4th Amir of Tablighi Jamat
- In office June 1995 – 18 March 2014
- Preceded by: Inamul Hasan Kandhlawi
- Succeeded by: Maulana Saad Kandhlawi

Personal life
- Born: 30 March 1950 Kandhla, Muzaffarnagar district, Uttar Pradesh, India
- Died: 18 March 2014 (aged 63) New Delhi
- Main interest: dawah
- Education: Mazahir Uloom Saharanpur
- Occupation: Islamic scholar, Da'i of Tablighi Jamaat

Religious life
- Religion: Islam
- Denomination: Sunni
- Jurisprudence: Hanafi
- Movement: Deobandi, Tablighi Jamaat

Muslim leader
- Disciple of: Zakariyya Kandhlawi
- Influenced by Muhammad Ilyas Kandhlawi, Muhammad Yusuf Kandhlawi, Zakariyya Kandhlawi, Inamul Hasan Kandhlawi, Maulana Iftikhar ul Hassan;

= Zubairul Hasan Kandhlavi =

Fourth Amir of Tablighi Jamat (1950-2014)

Zubair-ul-Ḥassan c. (30 March 1950 – 18 March 2014) was an Indian Islamic scholar and fourth emir of Tablighi Jamaat in India.

==Early life and career==
Zubair-ul-Ḥasan was born on 30 March 1950 in the town of Kandhla in present-day Muzaffarnagar district, Uttar Pradesh, India. He studied at Mazahir Uloom Saharanpur, Uttar Pradesh, India. He was a disciple, and subsequently a khaleefa (an accredited successor) of his eminent maternal grandfather Shaikh-ul-Hadees Maulana Zakariyya Kandhlawi who was also a celebrated Muslim leader and was an early and life-long booster of Tablighi Jamaat. Zubair graduated and completed his education in 1971. Maulana Zubair was the leader of the concluding prayers at the world congregations held annually at Bishwa Ijtema Dhaka, Raiwind and Bhopal.

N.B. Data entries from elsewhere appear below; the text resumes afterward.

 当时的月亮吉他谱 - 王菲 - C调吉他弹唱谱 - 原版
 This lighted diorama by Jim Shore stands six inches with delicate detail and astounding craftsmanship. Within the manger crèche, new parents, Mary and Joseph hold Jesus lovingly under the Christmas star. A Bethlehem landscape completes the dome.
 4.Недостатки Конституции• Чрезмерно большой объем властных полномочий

Due to his poor health, he was often seen in a wheelchair. He was largely known for his concluding prayers rather than his long addresses and speeches in front of large gatherings as Jamaat leaders before him, including his father used to be known for.

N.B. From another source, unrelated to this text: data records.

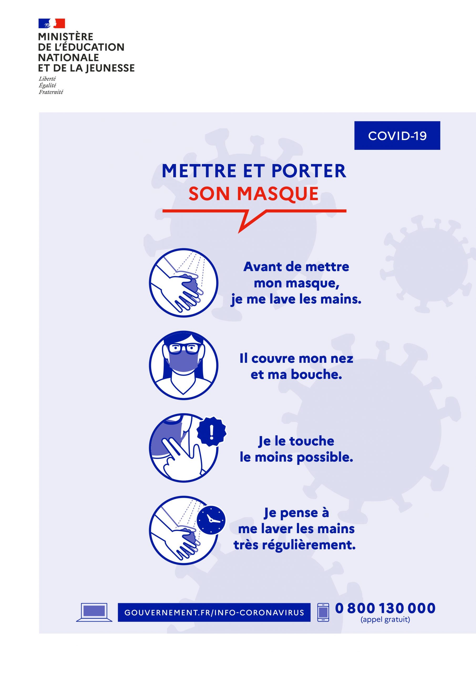 Le ministère de l’Éducation nationale et de la Jeunesse met donc à disposition de ses agents en contact direct avec les élèves au sein des établissements des masques dits « grand public » de catégorie 1, à raison de deux masques pour chaque jour de présence dans les établissements.
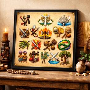 Quadro Orixás Símbolos 33x33cm Mold Preta
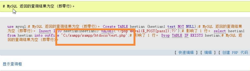 select heetian1 from heetian into outfile 'C:/xampp/xampp/htdocs/test.php'; //使用Mysql中outfile函数将其导出到test.php
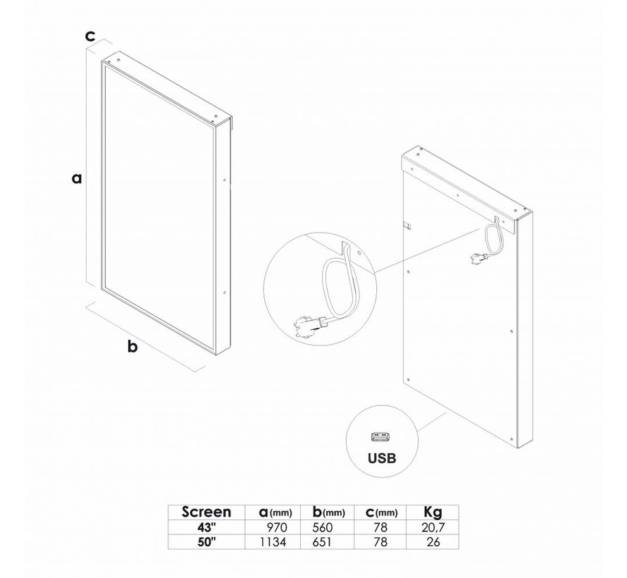 Het paneel kan eenvoudig met schroeven aan de muur worden bevestigd of, met de optionele ophangset, aan het plafond worden gemonteerd. Voor optimale warmteregeling is het ontwerp uitgevoerd zonder voorpaneel en wordt het standaard in staande opstelling geleverd. Dankzij Plug & Play, afstandsbediening of WiFi is het mogelijk om de getoonde video’s en afbeeldingen snel te personaliseren. Shopdepot biedt dit digitale paneel in zwart en wit, en op aanvraag kunnen ook andere RAL-kleuren worden geproduceerd.
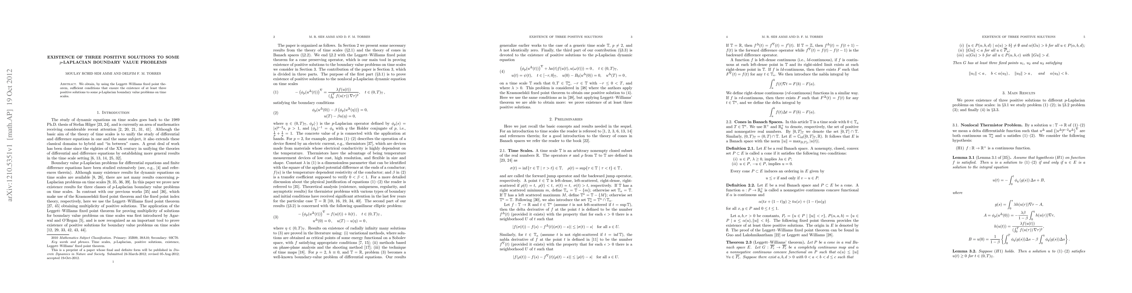 This paper utilizes the Leggett-Williams fixed point theorem to establish conditions guaranteeing the existence of three positive solutions for certain $p$-Laplacian boundary value problems defined on time scales. The results demonstrate the method's applicability in obtaining multiple solutions for complex differential equations.
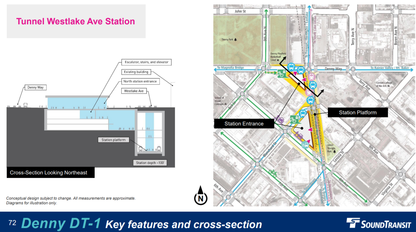 Both Denny Station alternatives are pretty solid, but The Urbanist gives a slight edge to the Westlake option. The preferred alternative Denny is shallower (100 feet versus 125 feet) and offers more seamless transit connections. The catch is that putting the station underneath Westlake Avenue would disrupt streetcar and bus operations on the street above during construction. “For Preferred Alternative DT-1, other segments of the streetcar may continue to operate, but not as a connected system, which could impact the frequency of service,” the DEIS noted.
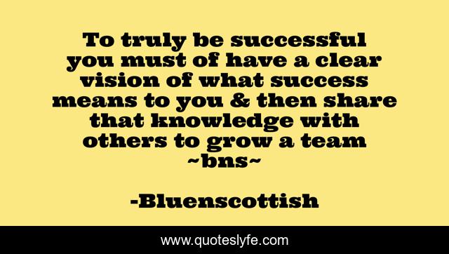 This page presents the quote "To truly be successful you must of have a clear vision of what success means to you & then share that knowledge with others to grow a team ~bns~". Author of this quote is Bluenscottish. This quote is about bluenscottish, leadership, teamwork, success, vision,.
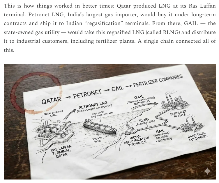 India manufactures roughly 28–29 million tons of urea domestically, against annual consumption of 35–36 million tons. The difference is imported, mostly from the Gulf. But Indian domestic production itself relies on LNG imports from Qatar to fuel its plants.

He was initially a member of the council of scholars (International Tablighi Shura) which was elected to run the affairs of Tablighi Jamaat after the death of his father Maulana Inamul Hasan Kandhlawi. After his death, his burial was at Nizamuddin Dargah grounds in New Delhi.

==Death, survivors and legacy==
In 1969, Maulana Zubair ul Hassan married Tahira Khatoon, daughter of Al-hafiz Ilyas of Shahranpur, one of the sons-in-law of Zakariyya Kandhlawi. The couple had three sons and three daughters. The eldest son, Hafiz Maulana Zuhair-ul-Hasan Kandhlawi, has become a well-known negotiator of the Tabligh movement. Reportedly Zubair was diabetic and not in good health for some time. According to New Delhi police estimates, nearly 200,000 people turned up at his funeral.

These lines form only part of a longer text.